* MATERIAL PROVIDED
··········

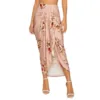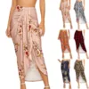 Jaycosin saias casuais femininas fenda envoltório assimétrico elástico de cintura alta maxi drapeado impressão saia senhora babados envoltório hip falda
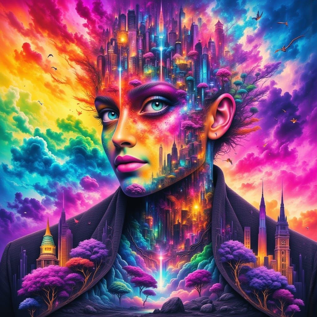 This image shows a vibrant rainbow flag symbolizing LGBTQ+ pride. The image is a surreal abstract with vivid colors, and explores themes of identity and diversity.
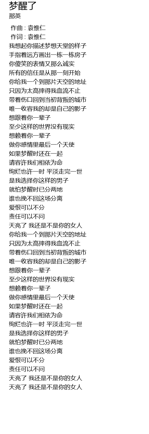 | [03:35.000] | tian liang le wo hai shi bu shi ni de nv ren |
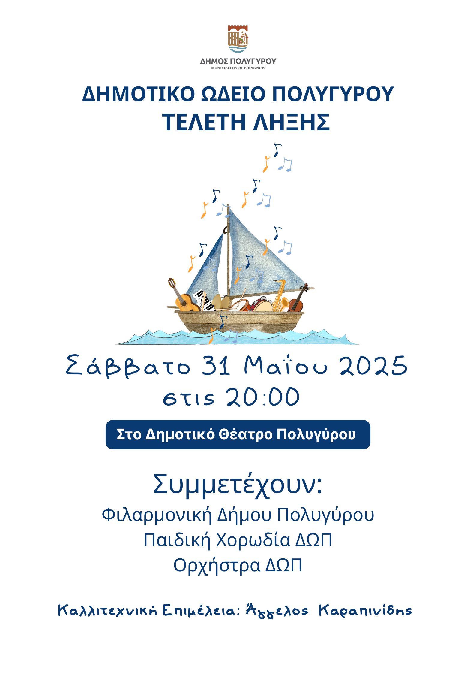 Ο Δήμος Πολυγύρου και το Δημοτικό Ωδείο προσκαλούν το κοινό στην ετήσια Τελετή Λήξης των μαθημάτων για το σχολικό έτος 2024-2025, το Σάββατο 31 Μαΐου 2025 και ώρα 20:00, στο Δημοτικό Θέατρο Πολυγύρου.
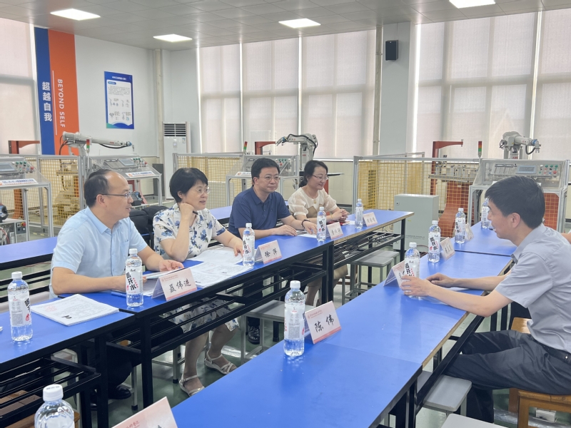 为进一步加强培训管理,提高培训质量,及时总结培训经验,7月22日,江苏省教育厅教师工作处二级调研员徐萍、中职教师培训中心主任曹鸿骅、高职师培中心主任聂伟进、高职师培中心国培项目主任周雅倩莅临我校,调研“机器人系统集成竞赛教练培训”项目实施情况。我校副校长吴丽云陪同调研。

··········

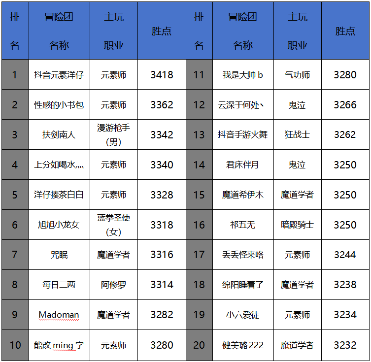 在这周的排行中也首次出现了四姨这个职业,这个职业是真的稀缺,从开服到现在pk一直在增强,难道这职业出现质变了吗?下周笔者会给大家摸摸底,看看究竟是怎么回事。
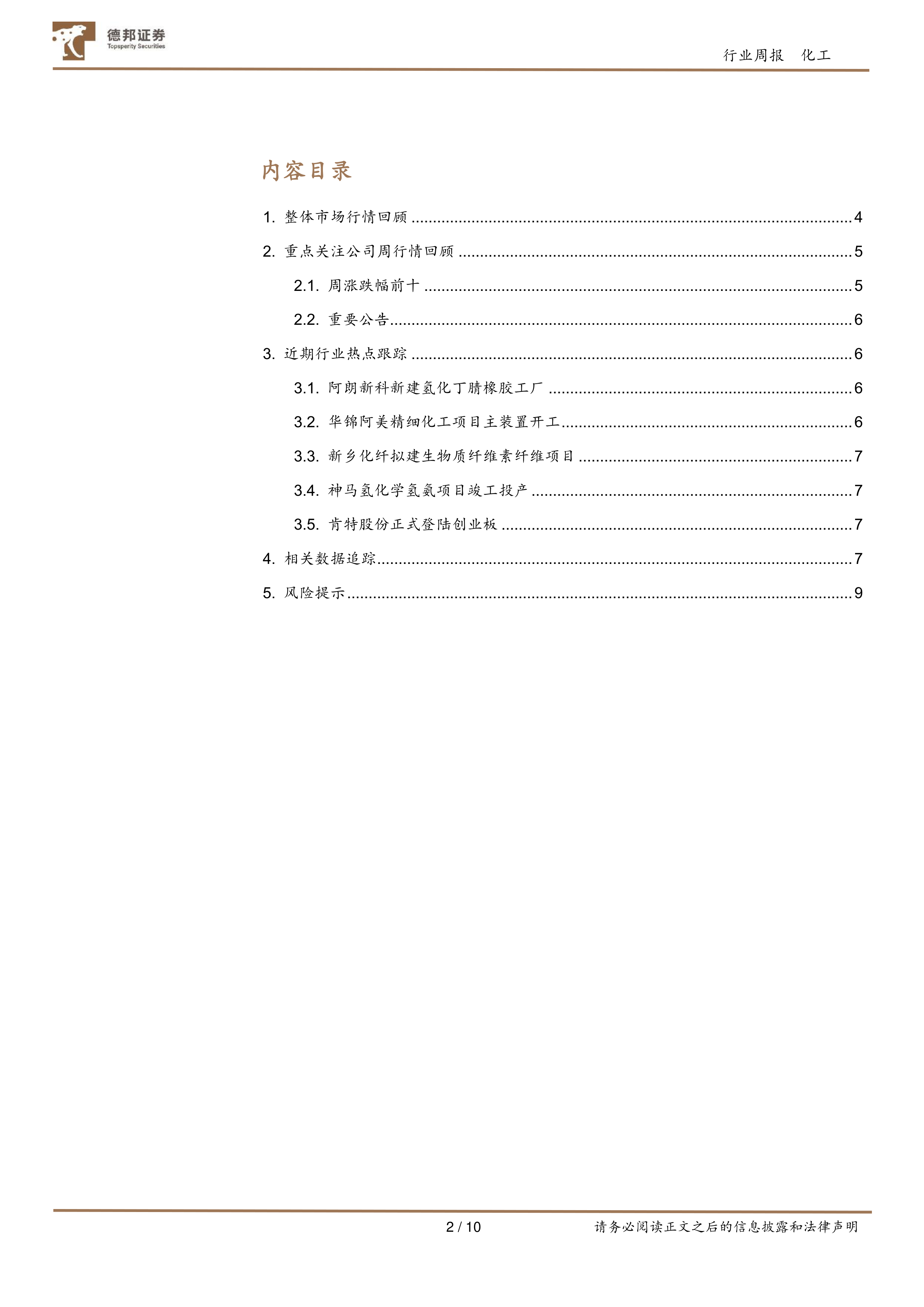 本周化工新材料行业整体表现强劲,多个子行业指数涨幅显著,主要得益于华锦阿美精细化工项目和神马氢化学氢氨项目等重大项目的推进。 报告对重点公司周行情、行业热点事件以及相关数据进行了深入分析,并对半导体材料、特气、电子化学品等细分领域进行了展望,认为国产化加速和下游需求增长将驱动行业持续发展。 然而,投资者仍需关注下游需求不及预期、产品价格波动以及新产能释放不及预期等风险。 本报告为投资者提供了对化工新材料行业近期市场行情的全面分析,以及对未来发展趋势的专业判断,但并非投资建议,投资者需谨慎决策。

··········

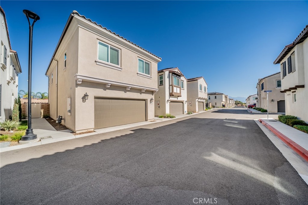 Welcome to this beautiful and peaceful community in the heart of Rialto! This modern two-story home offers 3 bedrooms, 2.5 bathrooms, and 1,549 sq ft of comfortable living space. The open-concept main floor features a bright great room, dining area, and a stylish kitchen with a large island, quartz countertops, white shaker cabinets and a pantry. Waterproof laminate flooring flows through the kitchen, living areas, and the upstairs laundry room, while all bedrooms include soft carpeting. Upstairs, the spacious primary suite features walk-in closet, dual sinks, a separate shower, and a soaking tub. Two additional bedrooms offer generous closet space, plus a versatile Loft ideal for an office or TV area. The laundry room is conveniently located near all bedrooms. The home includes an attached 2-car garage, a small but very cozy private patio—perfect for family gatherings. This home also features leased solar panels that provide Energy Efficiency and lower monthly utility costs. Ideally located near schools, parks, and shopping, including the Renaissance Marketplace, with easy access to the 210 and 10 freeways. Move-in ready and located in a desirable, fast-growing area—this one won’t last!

··········

Pictures excluded, transcribe the listing above exactly from the line with "Jaycosin saias casuais" through the line with "de nv ren |", and no further.

* TASK SOLUTION
 Jaycosin saias casuais femininas fenda envoltório assimétrico elástico de cintura alta maxi drapeado impressão saia senhora babados envoltório hip falda
 This image shows a vibrant rainbow flag symbolizing LGBTQ+ pride. The image is a surreal abstract with vivid colors, and explores themes of identity and diversity.
 | [03:35.000] | tian liang le wo hai shi bu shi ni de nv ren |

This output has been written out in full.